DATA FOR ANALYSIS:
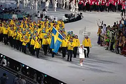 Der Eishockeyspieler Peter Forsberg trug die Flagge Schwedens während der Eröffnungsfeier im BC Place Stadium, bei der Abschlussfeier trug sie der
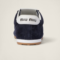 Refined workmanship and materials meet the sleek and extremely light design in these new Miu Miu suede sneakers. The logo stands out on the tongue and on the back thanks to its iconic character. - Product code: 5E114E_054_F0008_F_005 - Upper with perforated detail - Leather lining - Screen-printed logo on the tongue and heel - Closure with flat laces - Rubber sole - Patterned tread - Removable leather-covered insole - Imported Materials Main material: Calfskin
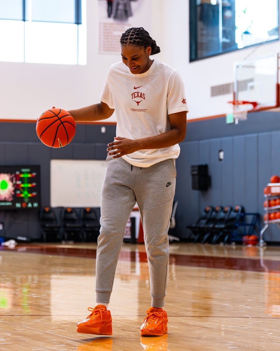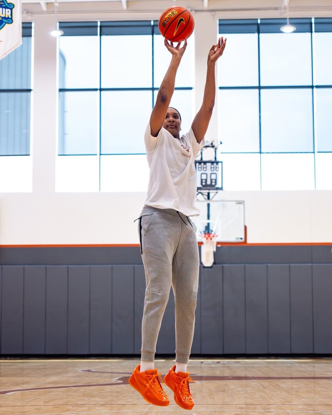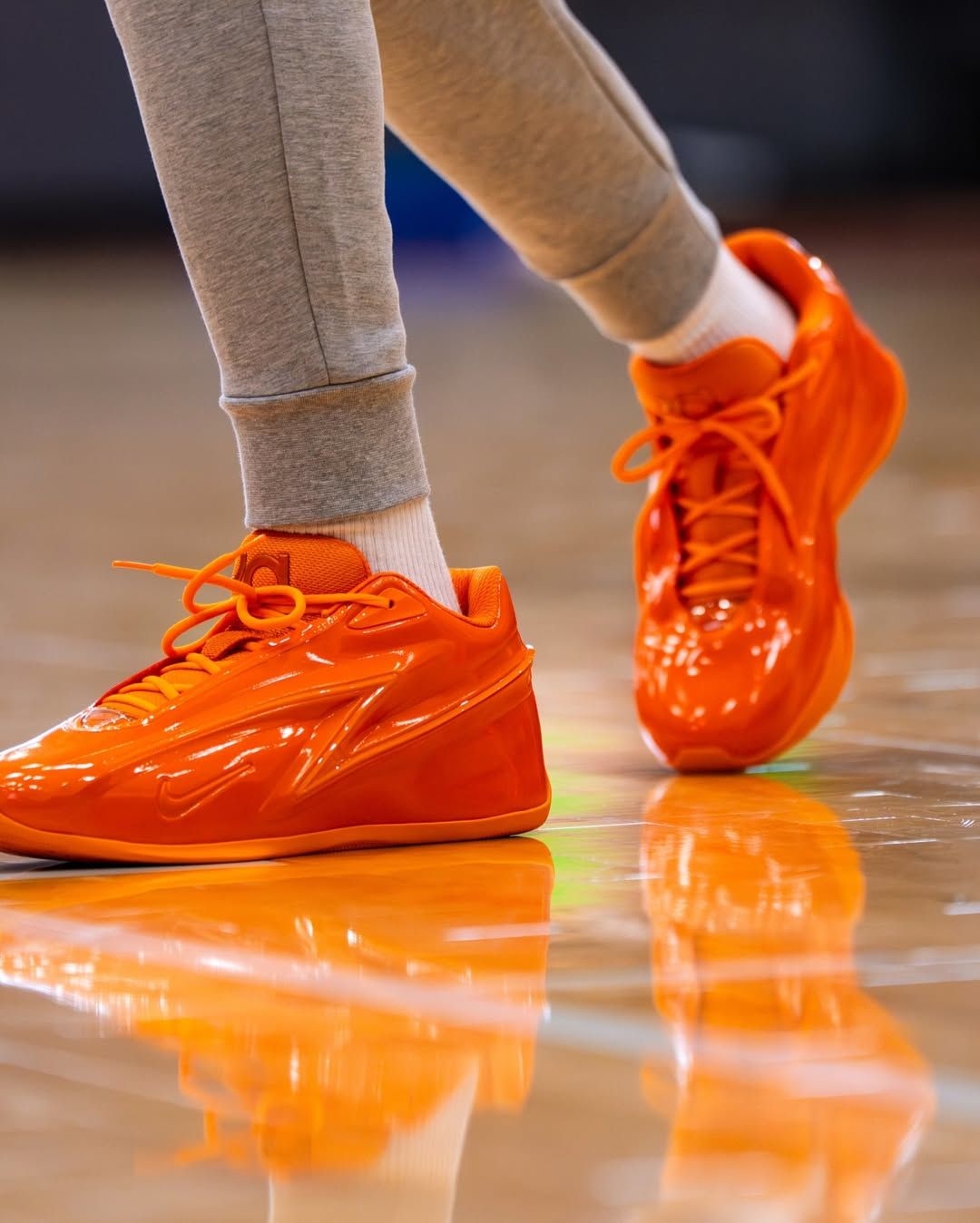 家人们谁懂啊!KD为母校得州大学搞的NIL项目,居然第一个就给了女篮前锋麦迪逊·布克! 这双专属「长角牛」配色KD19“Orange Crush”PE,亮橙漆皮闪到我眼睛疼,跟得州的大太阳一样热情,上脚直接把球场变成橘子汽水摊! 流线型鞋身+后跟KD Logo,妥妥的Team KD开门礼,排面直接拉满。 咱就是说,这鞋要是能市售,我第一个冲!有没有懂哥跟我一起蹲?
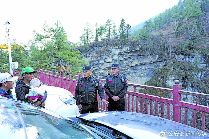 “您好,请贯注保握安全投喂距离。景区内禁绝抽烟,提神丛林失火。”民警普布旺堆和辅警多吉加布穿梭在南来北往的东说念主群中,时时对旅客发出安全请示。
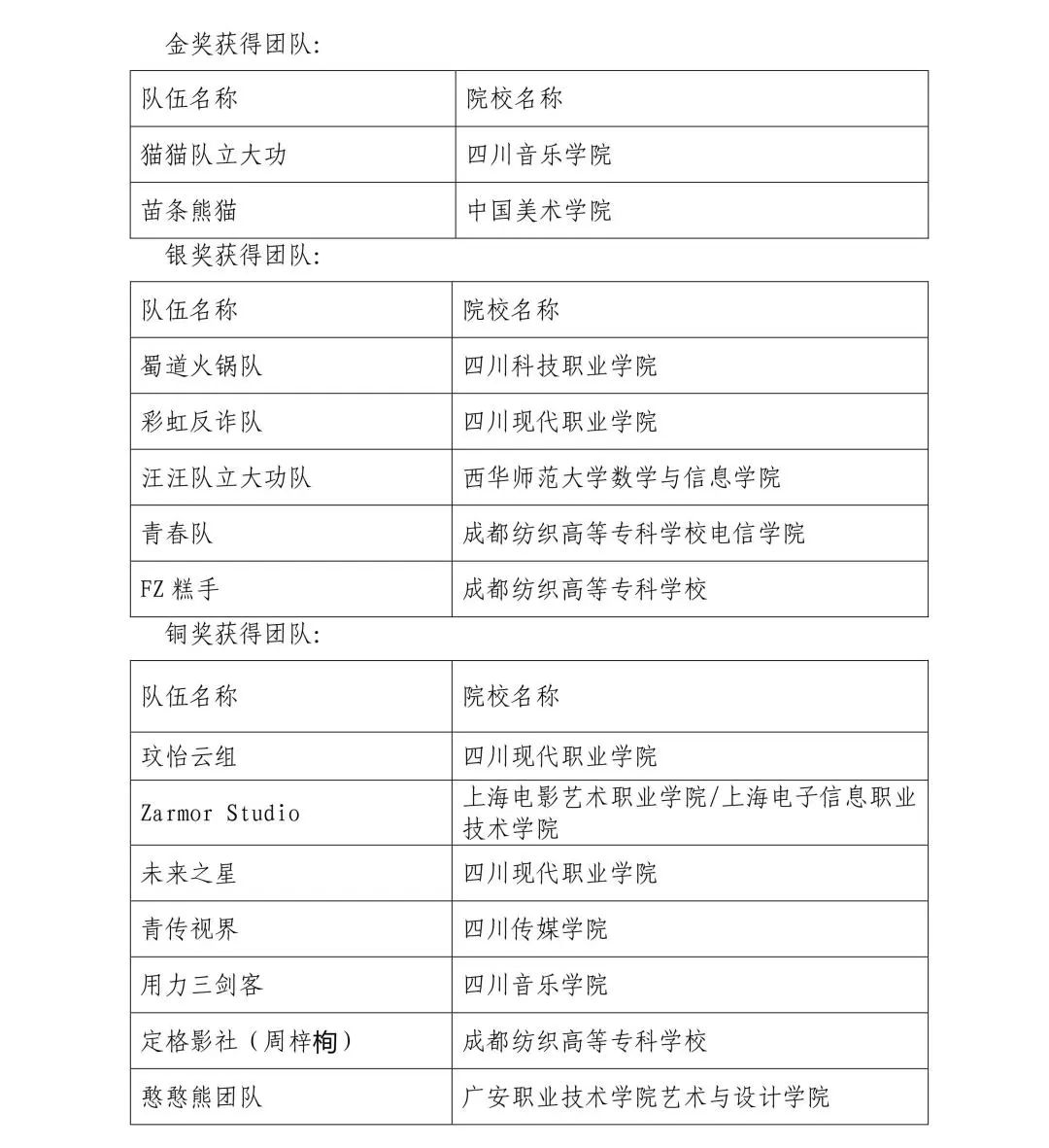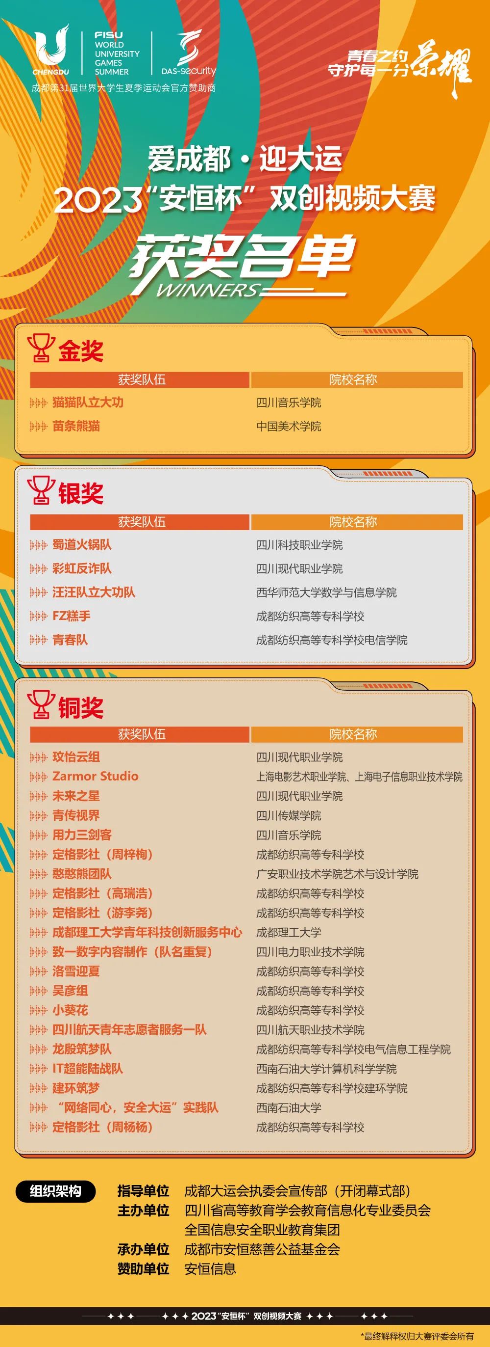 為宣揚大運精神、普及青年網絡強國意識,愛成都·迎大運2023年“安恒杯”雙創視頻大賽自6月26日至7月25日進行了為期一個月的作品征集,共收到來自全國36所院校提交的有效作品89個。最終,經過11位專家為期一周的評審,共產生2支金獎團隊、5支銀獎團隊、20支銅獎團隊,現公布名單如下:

* * *

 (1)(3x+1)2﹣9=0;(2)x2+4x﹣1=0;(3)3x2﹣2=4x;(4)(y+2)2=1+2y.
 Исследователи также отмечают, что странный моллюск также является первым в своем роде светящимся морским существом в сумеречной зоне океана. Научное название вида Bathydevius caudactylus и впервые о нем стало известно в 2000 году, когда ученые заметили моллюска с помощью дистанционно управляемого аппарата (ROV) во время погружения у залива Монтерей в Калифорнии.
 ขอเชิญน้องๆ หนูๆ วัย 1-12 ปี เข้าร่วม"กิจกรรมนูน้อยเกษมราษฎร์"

INSTRUCTIONS TO FOLLOW: Both the line containing "Logo,妥妥的Team KD开门礼,排面直接拉满。 咱就是说,这鞋要是能市售,我第一个冲!有没有懂哥跟我一起蹲?" and the line containing "為宣揚大運精神、普及青年網絡" above belong in the output, as do the lines between them. Print them exactly, without pictures.

ANSWER TO THE PROBLEM:
 家人们谁懂啊!KD为母校得州大学搞的NIL项目,居然第一个就给了女篮前锋麦迪逊·布克! 这双专属「长角牛」配色KD19“Orange Crush”PE,亮橙漆皮闪到我眼睛疼,跟得州的大太阳一样热情,上脚直接把球场变成橘子汽水摊! 流线型鞋身+后跟KD Logo,妥妥的Team KD开门礼,排面直接拉满。 咱就是说,这鞋要是能市售,我第一个冲!有没有懂哥跟我一起蹲?
 “您好,请贯注保握安全投喂距离。景区内禁绝抽烟,提神丛林失火。”民警普布旺堆和辅警多吉加布穿梭在南来北往的东说念主群中,时时对旅客发出安全请示。
 為宣揚大運精神、普及青年網絡強國意識,愛成都·迎大運2023年“安恒杯”雙創視頻大賽自6月26日至7月25日進行了為期一個月的作品征集,共收到來自全國36所院校提交的有效作品89個。最終,經過11位專家為期一周的評審,共產生2支金獎團隊、5支銀獎團隊、20支銅獎團隊,現公布名單如下:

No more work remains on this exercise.